An ache builds in my legs with the need to drop to my knees beneath that table, shove down those dainty lettuce-trim shorts, and see if she tastes as heavenly as she looks. It’ll be made even sweeter when I make her scream and moan with pleasure defying all the ‘keep quiet’ signs plastered passive-aggressively on every wall. How pretty she’d be with her skin flushed from equal parts satisfaction and humiliation. A bit of humbling, just a little tumble from grace.

Publicly rejecting me not once but twice is unacceptable, after all. That’s not how you treat people, especially an old friend. Admittedly, my pride bristled when I realized that there wasn’t even a flicker of recognition when she lied to my face, but in truth, I’ve done a bit of transforming of my own— thank Aphrodite for that . But anonymity might serve me well for the time being, until I know exactly what I’m up against. Until I know how far I’ll have to go to break through the walls she’s put up around her truth.

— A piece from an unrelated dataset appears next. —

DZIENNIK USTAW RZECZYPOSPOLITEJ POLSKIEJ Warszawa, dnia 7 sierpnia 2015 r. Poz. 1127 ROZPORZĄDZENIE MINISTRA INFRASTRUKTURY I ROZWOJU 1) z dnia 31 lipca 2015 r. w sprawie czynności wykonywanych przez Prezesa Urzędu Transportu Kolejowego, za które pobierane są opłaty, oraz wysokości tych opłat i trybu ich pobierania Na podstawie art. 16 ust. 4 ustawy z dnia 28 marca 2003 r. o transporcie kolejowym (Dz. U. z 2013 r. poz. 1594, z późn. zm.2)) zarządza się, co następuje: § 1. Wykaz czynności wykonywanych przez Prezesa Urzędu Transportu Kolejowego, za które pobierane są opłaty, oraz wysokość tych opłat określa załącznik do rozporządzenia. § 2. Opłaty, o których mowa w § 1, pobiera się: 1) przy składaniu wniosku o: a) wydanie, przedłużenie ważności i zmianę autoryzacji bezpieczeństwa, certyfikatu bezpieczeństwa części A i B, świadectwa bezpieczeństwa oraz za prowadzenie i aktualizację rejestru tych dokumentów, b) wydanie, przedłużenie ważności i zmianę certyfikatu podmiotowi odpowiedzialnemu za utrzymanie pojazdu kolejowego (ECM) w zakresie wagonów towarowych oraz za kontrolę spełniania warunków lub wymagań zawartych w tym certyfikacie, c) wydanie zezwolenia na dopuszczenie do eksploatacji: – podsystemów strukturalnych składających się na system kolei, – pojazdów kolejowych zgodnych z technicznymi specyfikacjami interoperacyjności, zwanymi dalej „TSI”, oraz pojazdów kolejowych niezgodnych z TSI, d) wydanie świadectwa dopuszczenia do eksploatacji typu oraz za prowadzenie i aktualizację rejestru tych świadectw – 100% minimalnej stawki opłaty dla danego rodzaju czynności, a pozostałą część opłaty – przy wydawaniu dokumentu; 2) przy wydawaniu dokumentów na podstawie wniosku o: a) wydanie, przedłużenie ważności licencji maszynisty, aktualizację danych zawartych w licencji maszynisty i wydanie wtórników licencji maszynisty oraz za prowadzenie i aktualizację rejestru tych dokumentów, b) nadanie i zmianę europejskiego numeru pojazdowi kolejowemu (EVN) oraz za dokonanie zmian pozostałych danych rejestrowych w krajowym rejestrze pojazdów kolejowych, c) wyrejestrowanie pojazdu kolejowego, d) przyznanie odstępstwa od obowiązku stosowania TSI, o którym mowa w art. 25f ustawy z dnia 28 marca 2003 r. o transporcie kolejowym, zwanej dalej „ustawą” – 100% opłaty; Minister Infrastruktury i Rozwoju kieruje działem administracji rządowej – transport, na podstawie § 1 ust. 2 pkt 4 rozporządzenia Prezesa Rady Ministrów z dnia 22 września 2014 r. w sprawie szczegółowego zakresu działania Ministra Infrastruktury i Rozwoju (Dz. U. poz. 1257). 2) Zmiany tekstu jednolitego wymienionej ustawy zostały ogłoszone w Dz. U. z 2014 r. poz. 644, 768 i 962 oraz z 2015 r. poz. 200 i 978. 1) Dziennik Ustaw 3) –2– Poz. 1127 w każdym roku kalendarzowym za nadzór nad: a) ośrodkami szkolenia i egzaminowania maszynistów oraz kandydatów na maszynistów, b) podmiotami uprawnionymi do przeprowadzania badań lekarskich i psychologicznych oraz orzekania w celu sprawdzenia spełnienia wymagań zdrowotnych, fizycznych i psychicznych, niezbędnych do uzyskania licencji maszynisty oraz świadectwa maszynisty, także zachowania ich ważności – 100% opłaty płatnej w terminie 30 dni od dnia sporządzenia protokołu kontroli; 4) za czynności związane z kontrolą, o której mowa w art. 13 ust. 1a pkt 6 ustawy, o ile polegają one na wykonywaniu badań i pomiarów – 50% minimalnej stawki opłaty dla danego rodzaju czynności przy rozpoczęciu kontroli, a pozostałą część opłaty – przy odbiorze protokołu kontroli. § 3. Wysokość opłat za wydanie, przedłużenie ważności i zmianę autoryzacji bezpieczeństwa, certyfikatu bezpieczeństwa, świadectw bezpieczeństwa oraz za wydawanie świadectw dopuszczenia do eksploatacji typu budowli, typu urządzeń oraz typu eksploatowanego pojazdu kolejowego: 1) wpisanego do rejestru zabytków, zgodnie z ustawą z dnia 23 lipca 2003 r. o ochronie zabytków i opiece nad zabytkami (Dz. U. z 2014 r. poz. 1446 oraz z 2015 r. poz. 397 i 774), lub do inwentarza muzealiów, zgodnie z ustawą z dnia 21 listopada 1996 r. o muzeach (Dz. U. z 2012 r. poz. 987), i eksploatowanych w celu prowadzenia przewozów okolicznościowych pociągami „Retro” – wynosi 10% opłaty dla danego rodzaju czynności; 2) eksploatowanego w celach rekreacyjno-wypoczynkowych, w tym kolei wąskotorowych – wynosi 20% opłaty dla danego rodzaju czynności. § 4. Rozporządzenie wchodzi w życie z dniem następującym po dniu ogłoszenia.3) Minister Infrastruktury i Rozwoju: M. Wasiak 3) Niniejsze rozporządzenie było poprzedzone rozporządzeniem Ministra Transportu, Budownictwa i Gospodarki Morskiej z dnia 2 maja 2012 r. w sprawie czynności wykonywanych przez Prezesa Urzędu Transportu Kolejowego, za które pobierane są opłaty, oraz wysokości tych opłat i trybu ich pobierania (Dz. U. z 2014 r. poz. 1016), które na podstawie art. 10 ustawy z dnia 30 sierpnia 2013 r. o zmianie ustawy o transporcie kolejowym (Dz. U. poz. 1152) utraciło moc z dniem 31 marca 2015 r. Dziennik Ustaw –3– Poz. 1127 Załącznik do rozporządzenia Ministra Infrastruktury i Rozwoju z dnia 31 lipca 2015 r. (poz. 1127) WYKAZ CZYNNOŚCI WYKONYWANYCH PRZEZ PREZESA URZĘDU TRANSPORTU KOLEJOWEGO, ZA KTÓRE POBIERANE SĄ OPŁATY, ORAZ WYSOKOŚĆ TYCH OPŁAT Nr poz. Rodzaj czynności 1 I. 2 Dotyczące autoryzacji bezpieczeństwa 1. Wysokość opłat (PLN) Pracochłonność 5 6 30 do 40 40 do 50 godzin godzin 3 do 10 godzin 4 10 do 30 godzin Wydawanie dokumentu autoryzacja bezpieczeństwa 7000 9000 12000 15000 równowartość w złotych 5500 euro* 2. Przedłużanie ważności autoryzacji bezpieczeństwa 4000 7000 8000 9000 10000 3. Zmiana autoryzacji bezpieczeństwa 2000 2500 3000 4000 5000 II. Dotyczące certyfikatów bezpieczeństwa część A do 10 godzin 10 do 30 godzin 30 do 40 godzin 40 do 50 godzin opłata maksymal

With a bit of self-restraint and the strength of my goddess, I intend to prove to her and everyone else that she wants me. And then I’ll show her just how good it is to be mine.

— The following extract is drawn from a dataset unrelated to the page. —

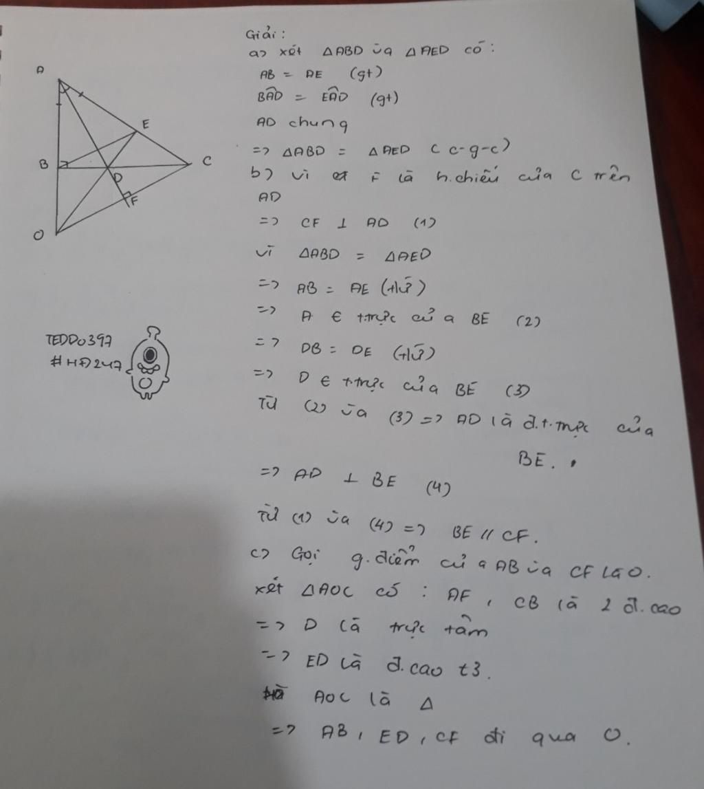 Xét t/g ABD và t/g AED có: chung cạnh AD ; AB=AE (gt) ; ∠BAD=∠EAD ( 2 góc phân giác ở A)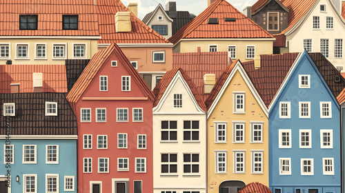 Fototapeta premium Professional Seamless Pattern of Scandinavian Houses in Cartoon Vector Style

But first, I need a plan. Getting Becca to confront the rotting skeletons she’s kept in her closet will require tact, something I’m not predisposed to. But I can try to be patient. We’ve been playing the long game, and now victory is within my sight. All that time spent crying in my bedroom looking at old photos of our first day of school, sleepovers, and lemonade stands, stowing away memories of better times, it’ll all be worth it when she finally sees we were meant to be. Forever. Just like we always said.

That pretty picture is overshadowed by a swaying blond ponytail that blocks my view.

“Hey, Bec,” Ponytail says with reservation.

“Hey, Theresa.” Becca closes her book with a sigh and looks up at the other woman. “What’s up?”

“Don’t be like that.”

“Like what?” Becca starts packing her books away.

“Distant. Weird.” Her friend leans across the table and places a hand on hers. “You and Meg should talk. I know you two can work it out.”

“Do you know what happened?”

“No. Meg won’t say. But are you really going to throw years of friendship away over your pride?” Theresa pushes.

Becca scoffs, pulling her hand away and resuming her task. “My pride isn’t the problem. It’s not really any of your business, honestly. If Meg wants to talk to me, she can.”

And with that, my recon mission ends on a sour note as Becca makes her way out of the library as quickly as possible. Thanks a lot Theresa.

But I can’t be completely pissed at her; she’s served the important purpose of reminding me about a potential sticking point in my plan, Meg . Becca’s jealous best friend who’s hopelessly in love with her. Too bad for Meg, I held that role first, and I’m not willing to back down. Becca has been and always will be, mine .

I pity anyone who stands in the way of that. While Aphrodite might be best associated with love and beauty, she’s also been worshipped as a war goddess, and as they say, all is fair in love and war.